Yes, objective measurements should definitely be the priority here as that's what this project is all about, and the resources and careful methodology required for proper scientific listening tests would be immense, too much for one person to organise.
I don't think listening tests prior to measuring would have any undue effects on the objective tests though, while eliminating a major source of subjective expectation bias, and so giving listening impressions a bit more reliability. Measurement selection bias can be easily eliminated by deciding beforehand on a fixed set of measurements that are made on all speakers.
@amirm using a standardised template for measurement reviews would help here (as well as for DAC/amp reviews), so no measurement is assumed, or forgotten to be measured/posted as has happened in the past. I think Reference Audio Analyzer's 'Reports for Pros' does this standardised format approach well e.g.
here is their report for the LG G7 and
here is their HiFiMan HE-400i report, which have the same structure for all DAC/headphones reports. Of course, further measurements can be made if a particular feature/failure needs more investigation, but all equipment should be tested with the same initial suite of measurements.

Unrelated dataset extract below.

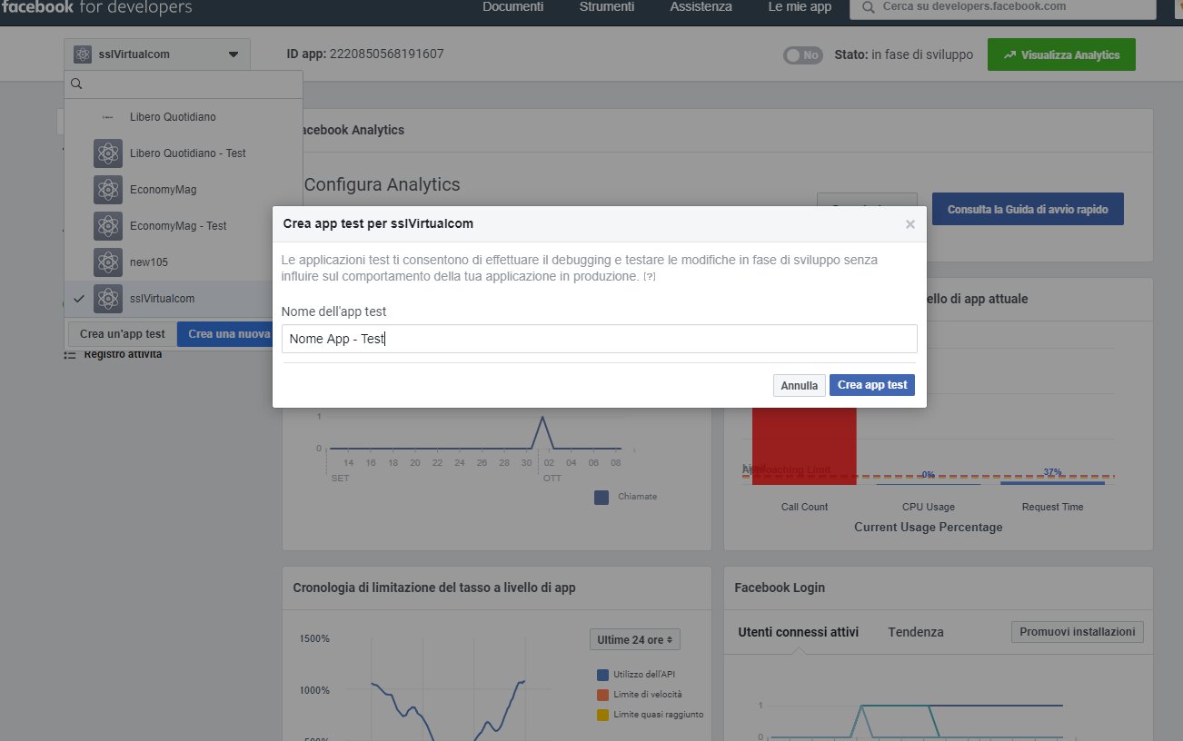 - Attributes: facebook_apikey_test --> Value: Inserire l'Id dell'app di test

This leaves interpretation bias, which as you say, can be ameliorated by being 100% transparent and presenting all raw measurement data publicly (again, the same goes for the DAC/amp tests), offering opportunity for cross-checking, and will hopefully average out interpretation bias amongst people with different focus and areas of expertise. This could be done via public online cloud storage e.g. Google Drive / Dropbox / OneDrive.